Winter months often provide some of the most beautiful outdoor scenes, but winter is also unpredictable. Winter storms can occur quickly and without warning, causing power outages, stranding people in their homes or cars, and creating unsafe driving and walking conditions.


Seniors and people with disabilities are particularly vulnerable during severe winter weather and should take extra precautions to be prepared for whatever Mother Nature conjures up.


Here are some tips to help older and disabled adults stay safe in winter weather

  • Check-in on elderly family and neighbors. Stop by if you can.
  • Clear walkways and handrails of snow and ice. Put down salt or other ice melter.
  • Encourage seniors to stay inside. Falls often spell disaster for older adults. Bring in mail and newspapers for them.
  • Check supplies. Make sure you have things like food and emergency items such as flashlights, batteries, and battery-powered radio.
  • Check to make sure a space heater is being used properly. Plug the heater into outlet, not an extension cord and keep at least 3 feet away from anything that could burn, including the wall.
  • Plan ahead for any emergency power needs of mechanical medical equipment.
  • Offer to drive. If someone must get out to pick up a prescription, medical appointment, etc., be their ride.
  • Be a friend. Some seniors can get very isolated and stormy weather can make it worse.
  • Check their property once a storm has passed. You may be able to help an older loved one with repairs or insurance matters.

Winter safety tips

At home...

  • Check appliances, furnaces, portable heaters and fireplaces before using them for the À rst time. Keep all heat sources and vents clear of clutter. Never leave portable heaters unattended.
  • Keep fire extinguishers on hand and make sure everyone knows how to use them.
  • Check batteries in portable radios, flashlights, smoke alarms and carbon monoxide detectors. Make sure smoke alarms and carbon monoxide detectors are installed and working on every floor in your home.
  • With winter comes shorter, darker days. Consider putting entry or garage lights on a timer or light sensor so they come on as soon as it gets dark each day. Inexpensive adapters are easy to install and can be purchased from your local home center. Keep your home well-lit by installing the maximum wattage bulbs allowed for your indoor light fixtures. Keep extra light bulbs on hand.

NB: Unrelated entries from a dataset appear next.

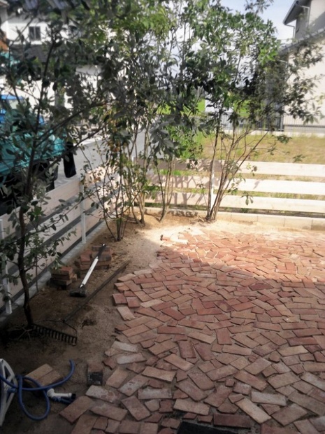みんなちがってみんないいのだ 2012/09/13 仕事風景 本日は西尾市一色 作庭嘉ェ門のお手伝い 以前一緒にやったお庭が完成したようです 自分ではやれないデザインが面白いです レンガの目地にはイワダレソウが仕込んであるとの事 早く緑いっぱいになるといいですね
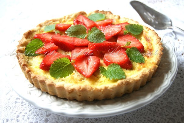 Готовый тарт охладите , украсьте свежей клубникой и листиками мелиссы или мяты . Приятного чаепития ))
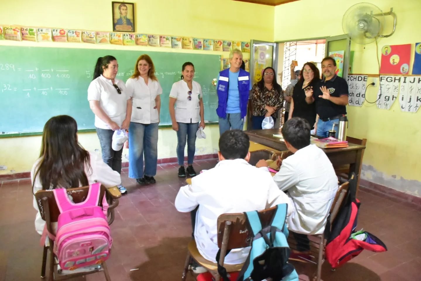 Seguidamente, se trasladaron hacia la Sala de Atención Primaria de la Salud de Rincón Navarro y a la escuela que se ubica enfrente. Consultaron sobre los puestos de notificación de vinchucas. En un grado, conversaron con docentes y con algunos alumnos sobre el conocimiento respecto a esta enfermedad.
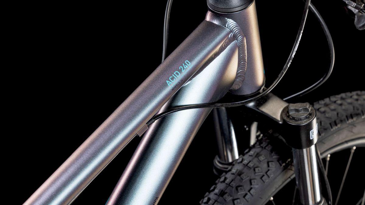 Der Rahmen des Acid 240 Disc besteht aus denselben hitzebehandelten 6061er-Aluminiumrohrsätzen wie der unserer Erwachsenen-Mountainbikes und ist demnach genauso robust und stabil. Allerdings haben wir seine Proportionen und das Gewicht auf die Anforderungen von Kindern abgestimmt. Die montierten Scheibenbremsen sind leicht bedienbar und unterstützen kraftvolle, sichere Bremsmanöver bei jedem Wetter. Zudem können Schutzbleche verschraubt werden – und ein Flaschenhalter, damit die Youngsters unterwegs immer top versorgt sind. Sein Handling verspricht hohen Fahrspaß und zugleich Zuverlässigkeit – so kann der Nachwuchs jede Menge Selbstvertrauen tanken. Weil sich der eine oder andere Sturz kaum vermeiden lässt, haben wir zudem ein einfach austauschbares Schaltauge verbaut. Dadurch gehören aufwendige Reparaturen nach einem Aufprall der Vergangenheit an.
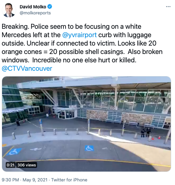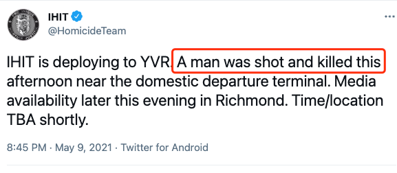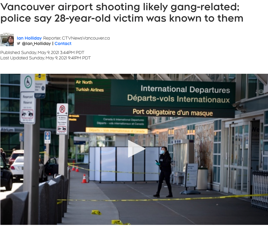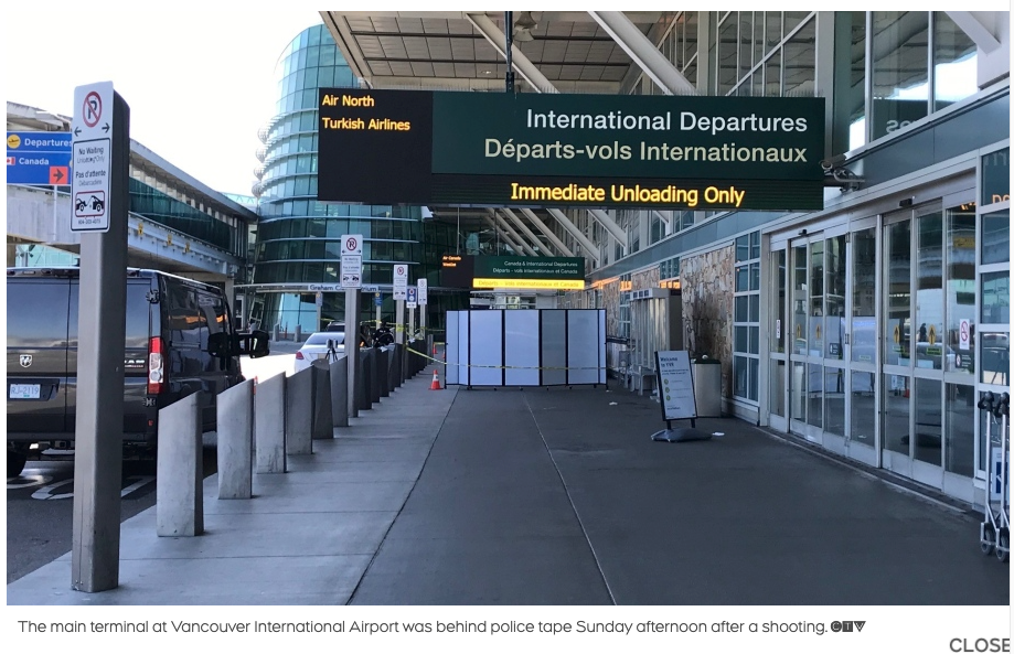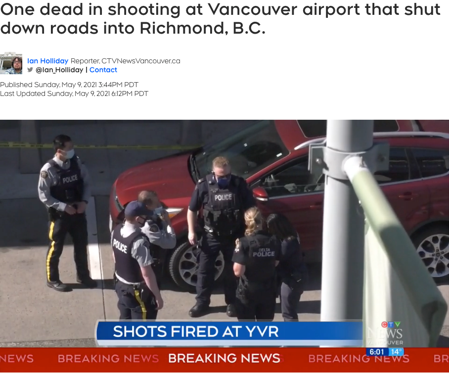 5月9日下午3时,温哥华列治文国际机场的候机楼外发生一宗枪击案,一名男子中枪身亡,警方凶杀组到场行调查。
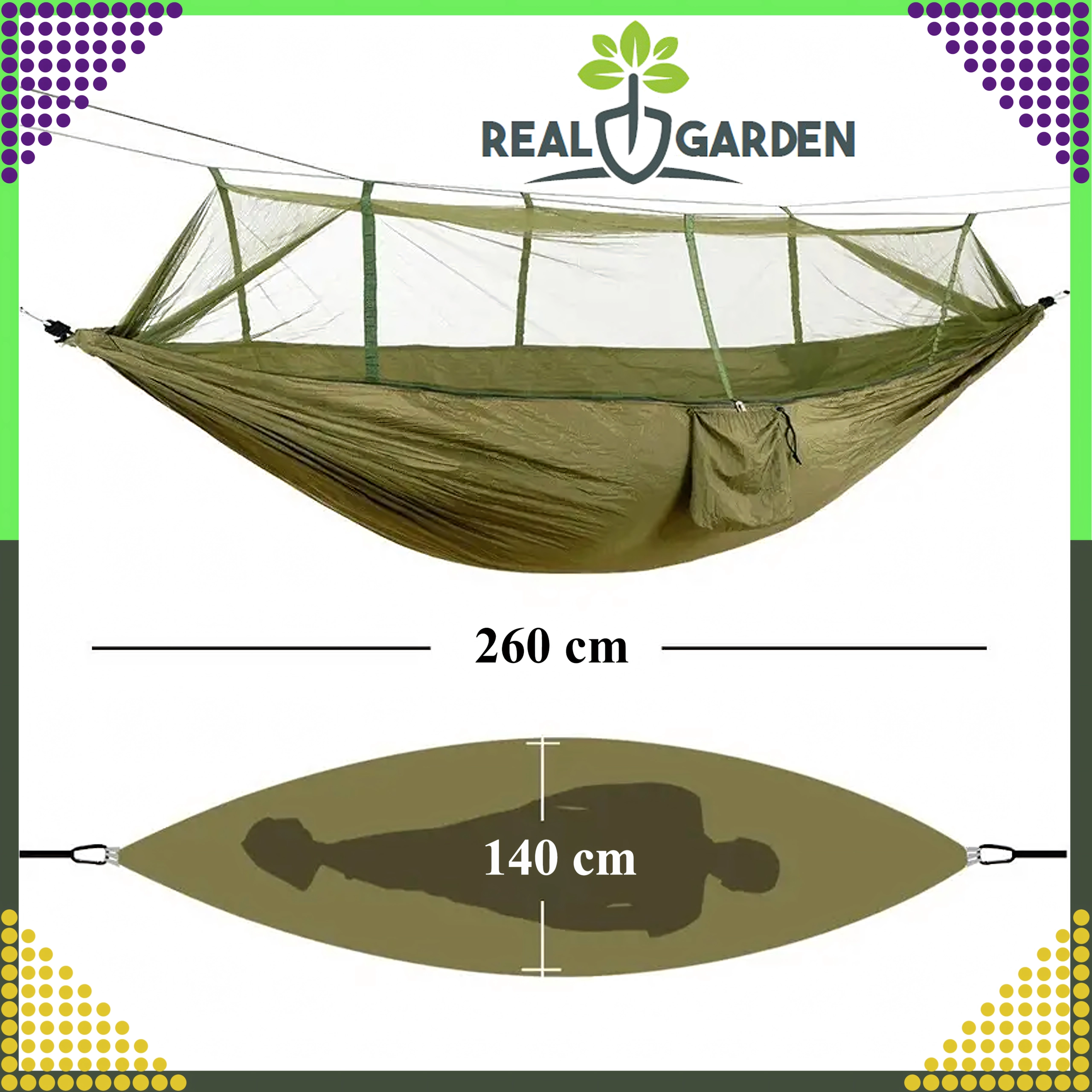 Zintegrowana moskitiera skutecznie ochroni Cię przed owadami, dzięki czemu zaznasz spokojnego snu także na łonie natury. Dzięki wymiarom 260 × 140 cm zapewnia dużo przestrzeni, a udźwig 180 kg gwarantuje bezpieczne użytkowanie.
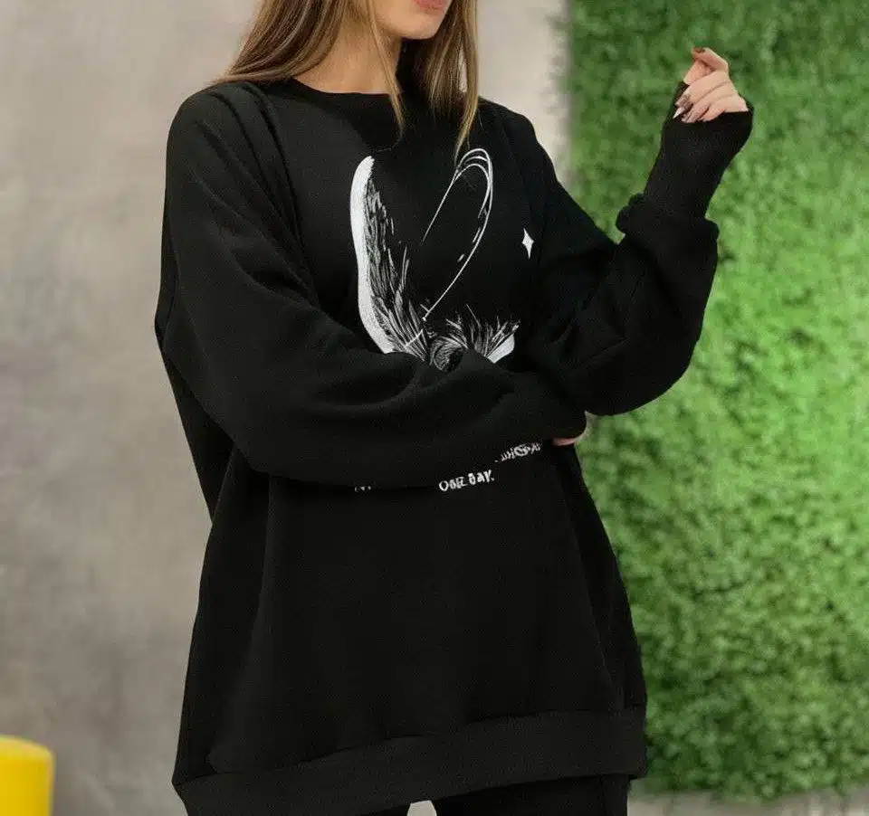 بلوز فینگردار ماه دخترانه فری سایز مشکی گرم و شیک
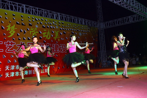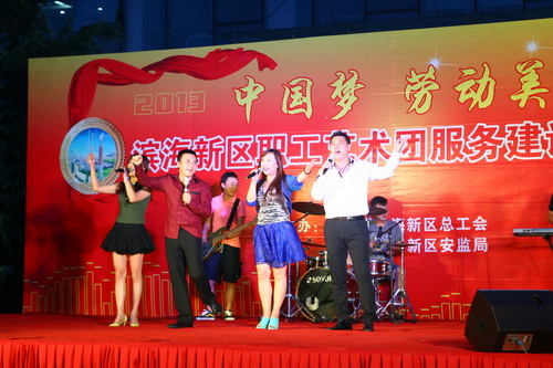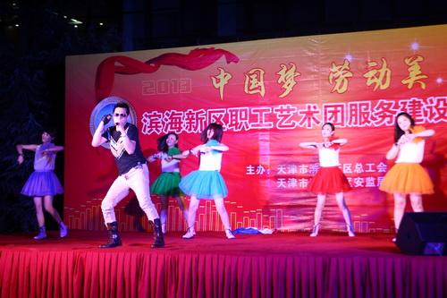 送安全、送文化、送健康、送清凉,八月酷暑迟迟不愿离去,滨海新区职工艺术团不畏酷暑,编排新的节目,连续在天津特变电工变压器有限公司、东疆人工沙滩为两千余名建设者送去了一缕缕凉爽的清风,将滨海新区总工会和新区安监局联合开展的“中国梦 劳动美”2013年滨海新区职工艺术团服务建设者巡演活动送到职工心坎上。一场精彩的演出,一波欢乐的高潮,“中国梦 劳动美”的赞歌在滨海新区的重点工程项目工地、企业、社区、公寓不断唱响。

  • Stay indoors during severe winter weather. If you do go out, dress warmly and tell someone where you are going and when you’ll be back.
  • Make sure the paths to your door, garage, and mailbox are shoveled and free of debris. If possible, have someone shovel for you.
  • Use salt to melt down icy sidewalks and steps or cover the ice with something gritty or nonslippery (sand, cat litter). Ideally you should sprinkle salt before or immediately after a storm.
  • Allow yourself plenty of time to get where you need to go in winter weather. Taking your time will reduce your risk of falling, especially if you use an assistive walking device.

Before weather emergencies

  • Have a 3-day supply of nonperishable food and water (one gallon per person per day). Don’t forget supplies for your pet and any medications you might be taking.
  • Know where to go for information about local weather emergencies, road or business closings.
  • Know the difference between winter storm watches and warnings.
  • Update phone numbers for local emergency officials, as well as nearby family, friends and neighbors. Remember to stay in contact with family during severe winter weather.
  • If you have home health care service, plan ahead with your agency for emergency procedures.

Consider medical needs when planning for emergencies

  • First-aid kit
  • Prescription medicines, list of medications including dosage, list of any allergies
  • Extra eyeglasses and hearing-aid batteries
  • Extra wheelchair batteries, oxygen
  • List of the style and serial numbers of medical devices such as pacemakers
  • Medical insurance and Medicare cards
  • List of doctors and relatives or friends who should be notified if you are injured
  • If you have home health care service, plan ahead with your agency for emergency procedures.
  • Teach those who may need to assist you in an emergency how to operate necessary equipment. Be sure they will be able to reach you.